▸ **Data items**
==========
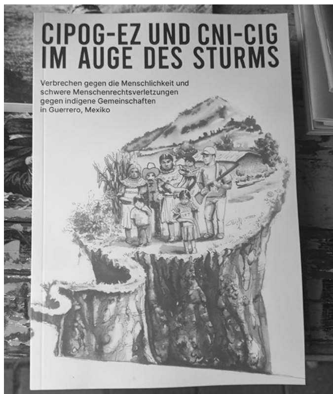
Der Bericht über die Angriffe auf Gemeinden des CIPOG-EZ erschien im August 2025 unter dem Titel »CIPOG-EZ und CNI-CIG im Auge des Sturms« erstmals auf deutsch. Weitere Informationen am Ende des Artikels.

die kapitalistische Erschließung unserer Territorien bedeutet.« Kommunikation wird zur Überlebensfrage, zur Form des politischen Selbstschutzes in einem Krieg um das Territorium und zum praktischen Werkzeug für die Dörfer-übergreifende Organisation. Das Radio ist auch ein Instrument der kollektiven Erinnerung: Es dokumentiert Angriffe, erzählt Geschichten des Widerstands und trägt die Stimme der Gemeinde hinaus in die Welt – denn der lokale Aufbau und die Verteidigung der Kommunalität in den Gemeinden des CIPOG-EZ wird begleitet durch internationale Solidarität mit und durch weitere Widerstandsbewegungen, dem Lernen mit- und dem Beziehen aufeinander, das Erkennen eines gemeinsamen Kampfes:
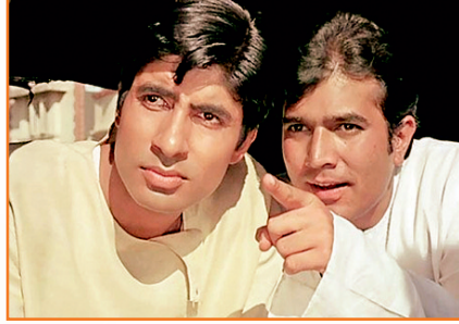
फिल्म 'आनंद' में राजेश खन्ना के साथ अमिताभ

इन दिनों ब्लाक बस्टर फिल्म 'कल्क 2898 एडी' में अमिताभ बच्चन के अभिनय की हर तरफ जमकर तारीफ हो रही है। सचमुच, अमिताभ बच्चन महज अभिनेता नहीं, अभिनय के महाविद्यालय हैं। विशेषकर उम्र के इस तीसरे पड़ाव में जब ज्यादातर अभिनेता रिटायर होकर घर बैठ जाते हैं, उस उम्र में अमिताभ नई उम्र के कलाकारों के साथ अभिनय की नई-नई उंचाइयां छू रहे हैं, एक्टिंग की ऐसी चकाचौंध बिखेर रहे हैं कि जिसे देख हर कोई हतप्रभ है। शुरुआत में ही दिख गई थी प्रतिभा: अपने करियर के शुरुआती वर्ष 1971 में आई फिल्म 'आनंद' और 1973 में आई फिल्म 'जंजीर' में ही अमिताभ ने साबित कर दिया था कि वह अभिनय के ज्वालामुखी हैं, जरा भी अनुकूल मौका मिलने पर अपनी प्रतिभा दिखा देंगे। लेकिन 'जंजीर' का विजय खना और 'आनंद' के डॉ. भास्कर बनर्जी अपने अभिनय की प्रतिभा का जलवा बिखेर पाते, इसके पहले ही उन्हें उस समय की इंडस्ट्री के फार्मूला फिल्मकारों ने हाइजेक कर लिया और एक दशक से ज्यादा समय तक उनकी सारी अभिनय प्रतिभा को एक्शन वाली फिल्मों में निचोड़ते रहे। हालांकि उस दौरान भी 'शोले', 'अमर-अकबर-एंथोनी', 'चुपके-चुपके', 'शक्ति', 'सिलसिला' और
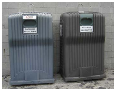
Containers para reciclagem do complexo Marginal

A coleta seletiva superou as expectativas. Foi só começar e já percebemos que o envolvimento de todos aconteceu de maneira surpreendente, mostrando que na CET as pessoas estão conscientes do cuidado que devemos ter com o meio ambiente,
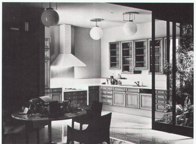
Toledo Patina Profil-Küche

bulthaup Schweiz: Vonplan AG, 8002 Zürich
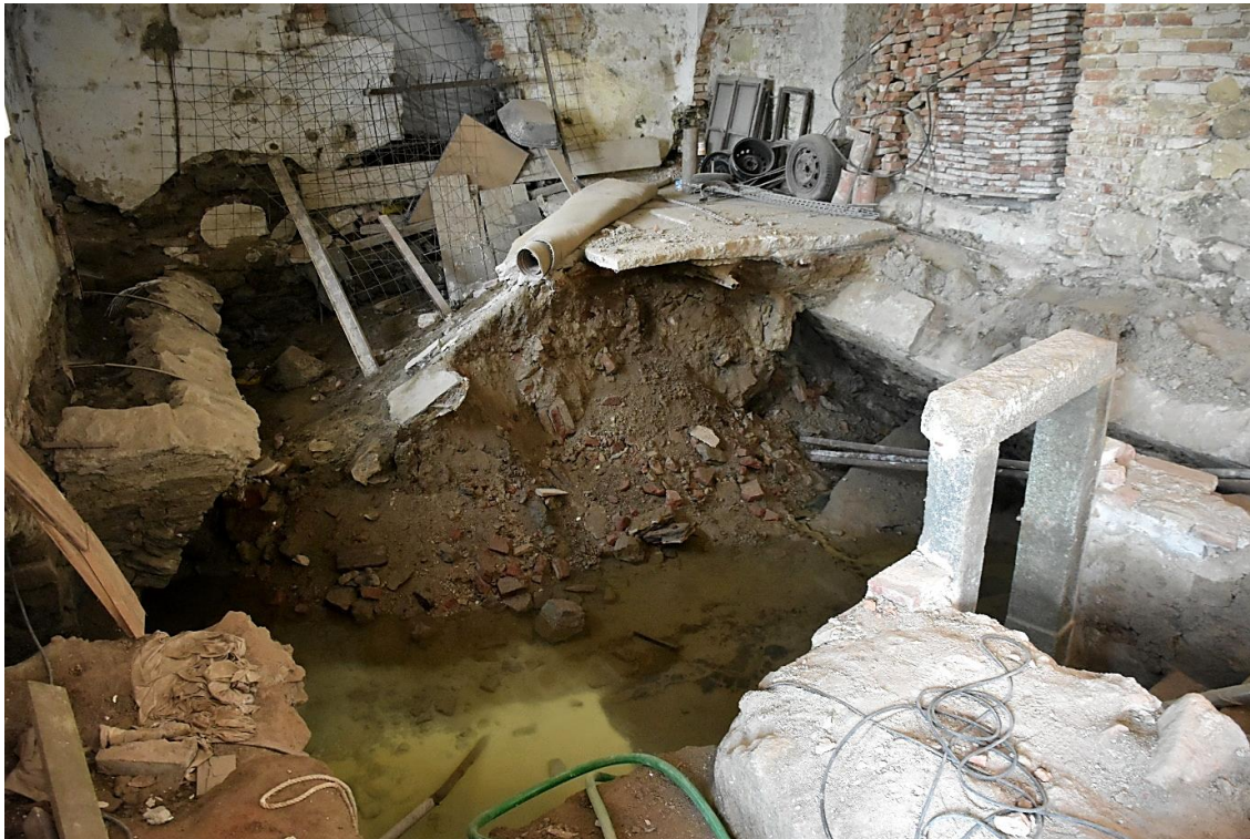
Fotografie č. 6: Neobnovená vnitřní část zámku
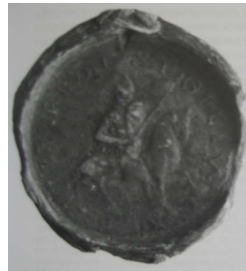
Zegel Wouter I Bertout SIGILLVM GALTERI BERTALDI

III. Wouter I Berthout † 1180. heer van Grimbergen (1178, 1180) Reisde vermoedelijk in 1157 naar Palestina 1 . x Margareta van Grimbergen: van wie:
==========
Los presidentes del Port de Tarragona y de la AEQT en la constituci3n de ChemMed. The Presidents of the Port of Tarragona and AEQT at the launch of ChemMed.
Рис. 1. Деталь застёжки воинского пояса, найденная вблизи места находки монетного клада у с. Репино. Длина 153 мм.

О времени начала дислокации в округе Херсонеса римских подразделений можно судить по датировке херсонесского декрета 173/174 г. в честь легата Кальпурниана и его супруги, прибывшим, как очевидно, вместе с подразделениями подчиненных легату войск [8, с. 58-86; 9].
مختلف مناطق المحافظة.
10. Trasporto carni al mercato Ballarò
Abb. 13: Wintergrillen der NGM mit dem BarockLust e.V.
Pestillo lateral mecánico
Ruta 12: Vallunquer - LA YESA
==========
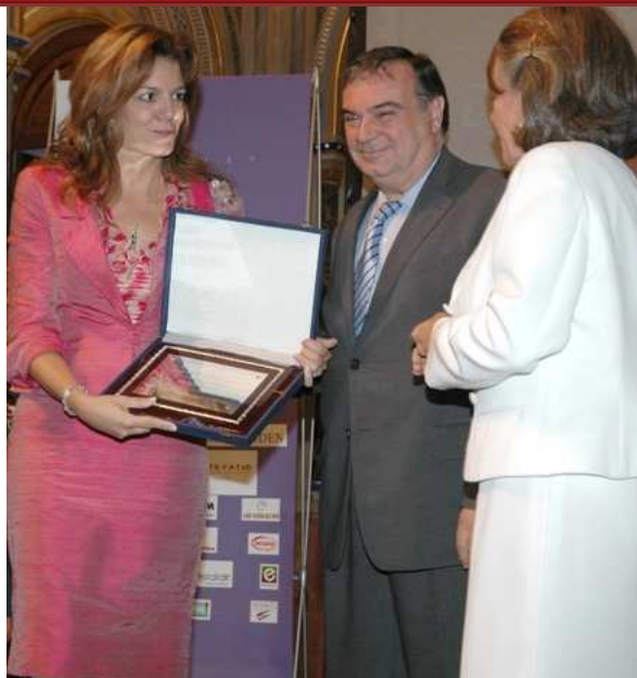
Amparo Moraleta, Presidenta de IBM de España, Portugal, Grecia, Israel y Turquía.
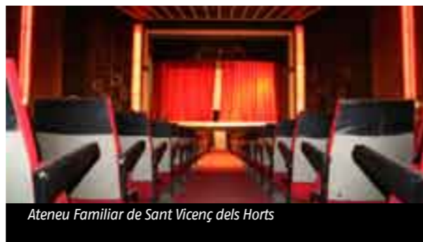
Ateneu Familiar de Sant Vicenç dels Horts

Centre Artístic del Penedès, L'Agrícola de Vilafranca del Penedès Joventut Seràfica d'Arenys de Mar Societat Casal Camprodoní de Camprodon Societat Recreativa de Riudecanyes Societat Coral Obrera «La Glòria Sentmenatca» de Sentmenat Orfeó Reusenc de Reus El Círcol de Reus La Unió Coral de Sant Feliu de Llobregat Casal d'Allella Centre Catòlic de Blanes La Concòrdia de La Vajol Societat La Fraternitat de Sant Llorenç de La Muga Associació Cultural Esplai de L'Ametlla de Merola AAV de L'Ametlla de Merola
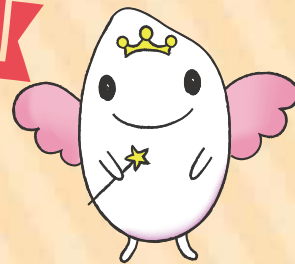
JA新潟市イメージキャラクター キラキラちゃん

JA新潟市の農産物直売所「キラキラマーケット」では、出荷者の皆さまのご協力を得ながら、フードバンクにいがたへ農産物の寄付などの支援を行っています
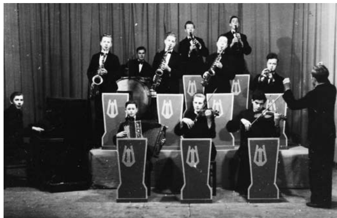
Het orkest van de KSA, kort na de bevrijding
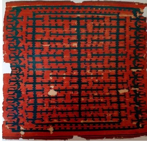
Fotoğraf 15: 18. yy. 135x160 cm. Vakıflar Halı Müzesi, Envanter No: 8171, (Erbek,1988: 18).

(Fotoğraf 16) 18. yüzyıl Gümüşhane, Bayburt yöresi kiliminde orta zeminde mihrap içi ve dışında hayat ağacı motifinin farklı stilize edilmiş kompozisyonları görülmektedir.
==========
▸ **What needs to be done**
From the records above, copy exactly the stretch from the line holding "bulthaup Schweiz: Vonplan AG, 8002 Zürich" through the line holding "III. Wouter I", both ends included, without the pictures.

▸ **Response to the task**
bulthaup Schweiz: Vonplan AG, 8002 Zürich
Fotografie č. 6: Neobnovená vnitřní část zámku
Zegel Wouter I Bertout SIGILLVM GALTERI BERTALDI

III. Wouter I Berthout † 1180. heer van Grimbergen (1178, 1180) Reisde vermoedelijk in 1157 naar Palestina 1 . x Margareta van Grimbergen: van wie:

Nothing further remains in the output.